*Work task*
Word for word, restate the lines of the listing below from the line with "Paragliding at sunset" through the line with "新生们身着迷彩服,在工作人员", and do not include the pictures.

*Input data*
^^^^^^^^

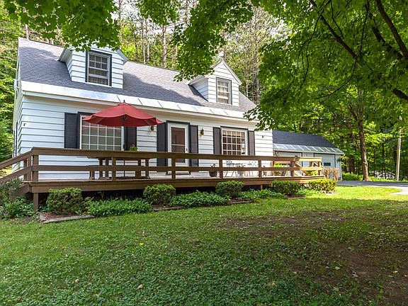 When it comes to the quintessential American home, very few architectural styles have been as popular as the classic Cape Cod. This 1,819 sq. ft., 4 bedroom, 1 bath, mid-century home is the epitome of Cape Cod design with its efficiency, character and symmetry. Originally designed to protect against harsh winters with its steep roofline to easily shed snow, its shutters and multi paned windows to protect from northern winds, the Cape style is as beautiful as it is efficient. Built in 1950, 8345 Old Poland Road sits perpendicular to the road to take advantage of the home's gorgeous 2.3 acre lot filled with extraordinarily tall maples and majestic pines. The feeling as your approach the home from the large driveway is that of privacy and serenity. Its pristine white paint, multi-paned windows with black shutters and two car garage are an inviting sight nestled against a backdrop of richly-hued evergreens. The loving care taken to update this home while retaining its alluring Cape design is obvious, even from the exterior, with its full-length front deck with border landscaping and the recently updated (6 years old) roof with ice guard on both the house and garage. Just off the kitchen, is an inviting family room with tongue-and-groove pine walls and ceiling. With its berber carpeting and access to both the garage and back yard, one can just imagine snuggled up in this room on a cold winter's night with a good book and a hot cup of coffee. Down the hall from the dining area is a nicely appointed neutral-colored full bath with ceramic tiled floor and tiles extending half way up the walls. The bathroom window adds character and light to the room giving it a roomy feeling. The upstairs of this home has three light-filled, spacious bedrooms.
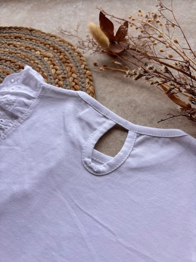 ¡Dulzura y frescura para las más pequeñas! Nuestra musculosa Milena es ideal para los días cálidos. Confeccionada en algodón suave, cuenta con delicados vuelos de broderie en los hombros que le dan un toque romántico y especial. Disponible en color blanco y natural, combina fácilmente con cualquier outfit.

^^^^^^^^

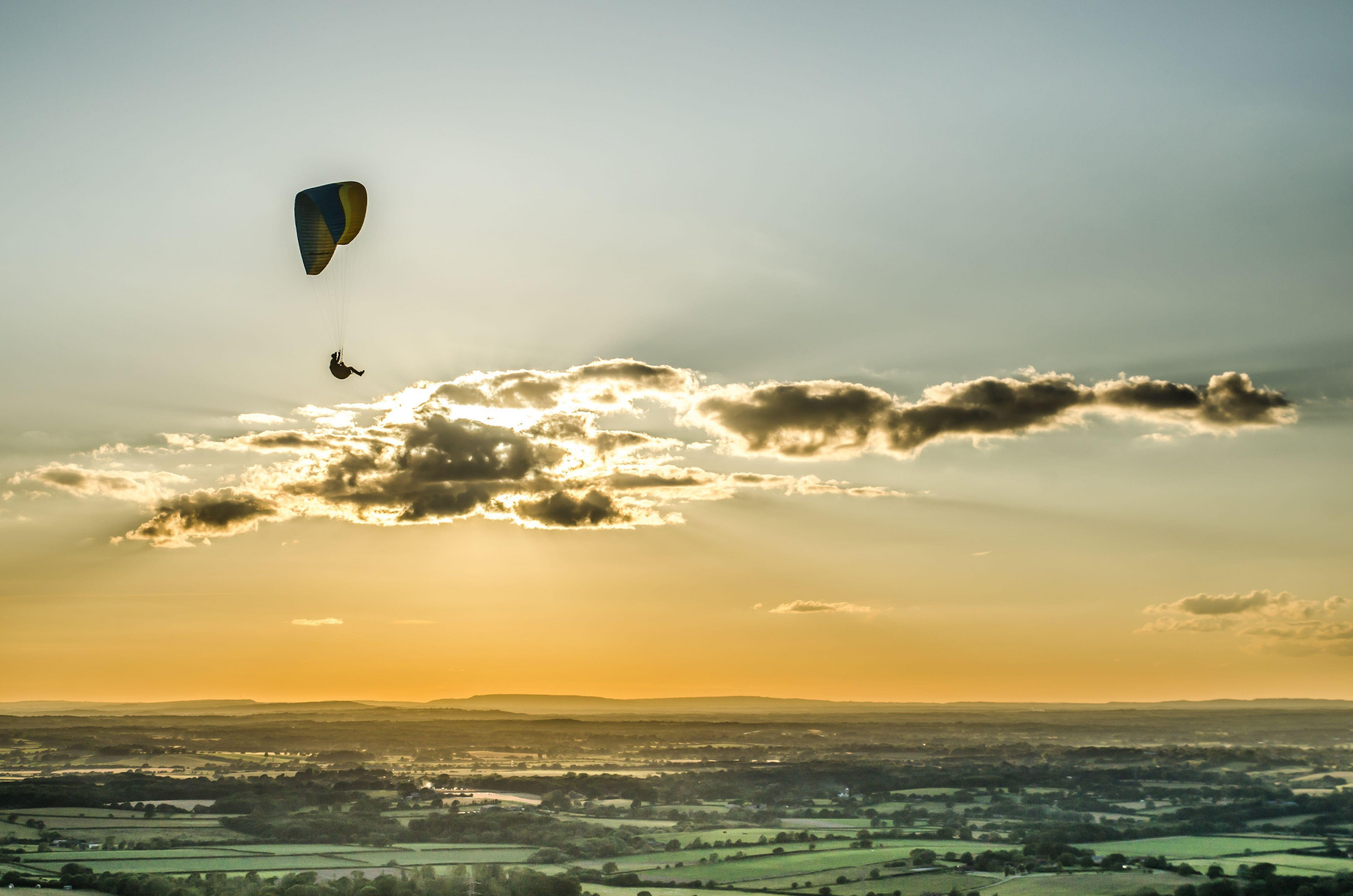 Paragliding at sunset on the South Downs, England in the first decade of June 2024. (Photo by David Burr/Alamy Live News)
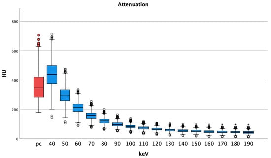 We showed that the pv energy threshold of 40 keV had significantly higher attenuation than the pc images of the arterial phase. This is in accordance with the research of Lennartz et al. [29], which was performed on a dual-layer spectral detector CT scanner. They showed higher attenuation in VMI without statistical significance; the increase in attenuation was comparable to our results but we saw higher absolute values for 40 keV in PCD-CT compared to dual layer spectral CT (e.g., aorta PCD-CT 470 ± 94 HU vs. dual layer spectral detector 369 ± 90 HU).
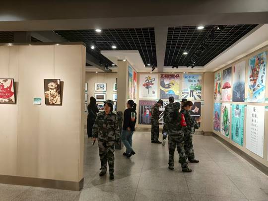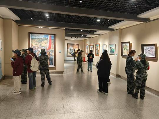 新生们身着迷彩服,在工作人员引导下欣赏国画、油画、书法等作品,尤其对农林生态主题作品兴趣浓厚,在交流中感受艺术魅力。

^^^^^^^^

*Output of the exercise*
 Paragliding at sunset on the South Downs, England in the first decade of June 2024. (Photo by David Burr/Alamy Live News)
 We showed that the pv energy threshold of 40 keV had significantly higher attenuation than the pc images of the arterial phase. This is in accordance with the research of Lennartz et al. [29], which was performed on a dual-layer spectral detector CT scanner. They showed higher attenuation in VMI without statistical significance; the increase in attenuation was comparable to our results but we saw higher absolute values for 40 keV in PCD-CT compared to dual layer spectral CT (e.g., aorta PCD-CT 470 ± 94 HU vs. dual layer spectral detector 369 ± 90 HU).
 新生们身着迷彩服,在工作人员引导下欣赏国画、油画、书法等作品,尤其对农林生态主题作品兴趣浓厚,在交流中感受艺术魅力。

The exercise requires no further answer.